Восстание на «Св. Анне»
Шрифт:
Я поднял голову от подушки, и в это время грянул второй выстрел, а на палубе раздался резкий крик человека, которому причинили острую боль. Затем послышались возбужденные голоса других людей. Вскочив на ноги, я увидел, как Яковчук поднял голову над порогом и выстрелил куда-то из маленького браунинга — нашего единственного оружия защиты. В это время уже весь кубрик был на ногах. Матросы толпились вокруг стола. Андрей с Яковчуком залегли на верхних ступеньках лестницы. Из глубины трюма, между ящиками, пробирался Загурняк. Я подскочил к выходу и увидел, как чья-то большая тень закрыла разрез двери, и вслед за тем слабеющее тело человека рухнуло на руки Андрея и Яковчука. Белый поварской колпак слетел
— Подстрелили прохвосты, — злобно бросил Яковчук.
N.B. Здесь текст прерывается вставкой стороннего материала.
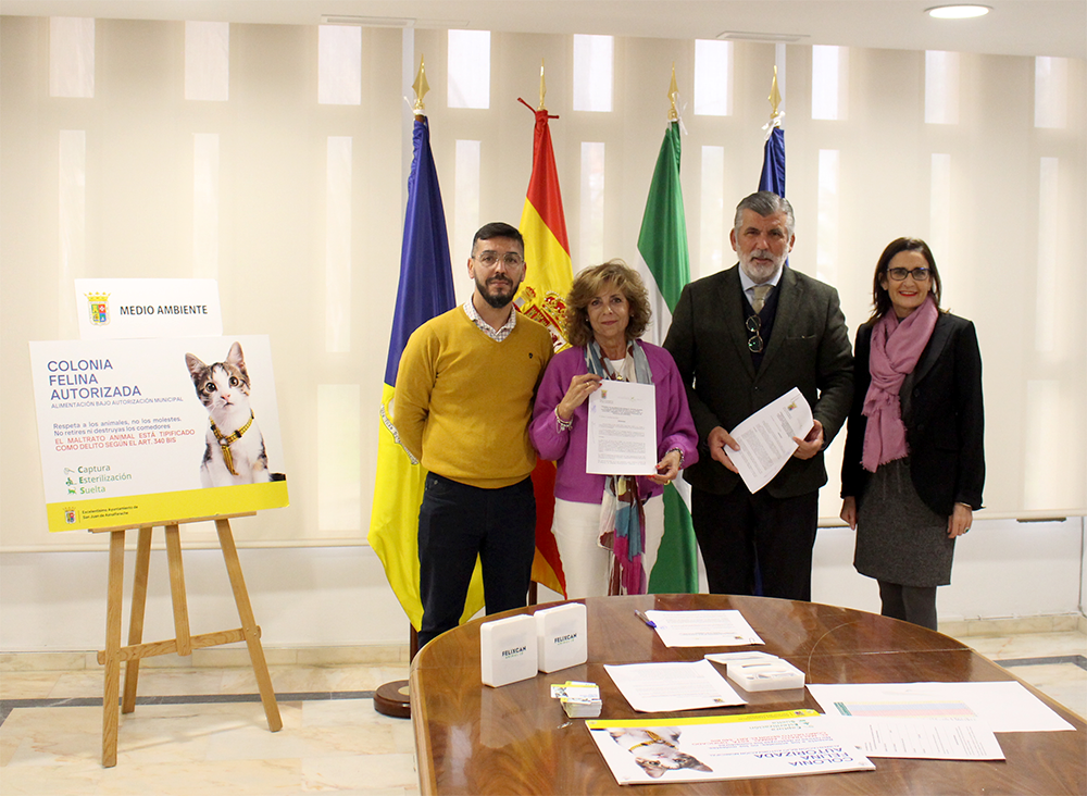 La delegación de Medio Ambiente del Ayuntamiento de San Juan de Aznalfarache continúa avanzado en la gestión de la población de animales domésticos de la localidad. A las gestiones realizadas para la ordenación de las colonias felinas se une ahora la firma de un convenio con el Colegio Oficial de Veterinarios de Sevilla, que va a permitir una gestión y control del censo de animales por un organismo especializado en la materia.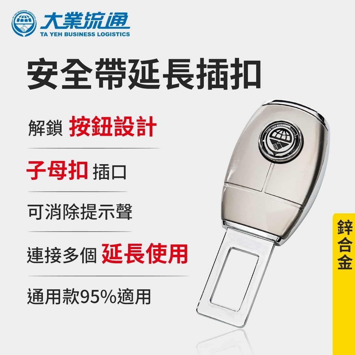 (1)汽車安全帶延長,鋅合金材質、光澤亮麗、延長專用

— Жратву я, ребята... вам нес. Корзинку... Там на палубе... не удержал, — прохрипел кок. — А они подстрелили.
Матросы молча положили раненого на нижнюю Койку и стали раздевать его, вспарывая ножницами серые матросские брюки. На минуту все внимание было обращено на кока, и только один Андрей остался лежать на лестнице.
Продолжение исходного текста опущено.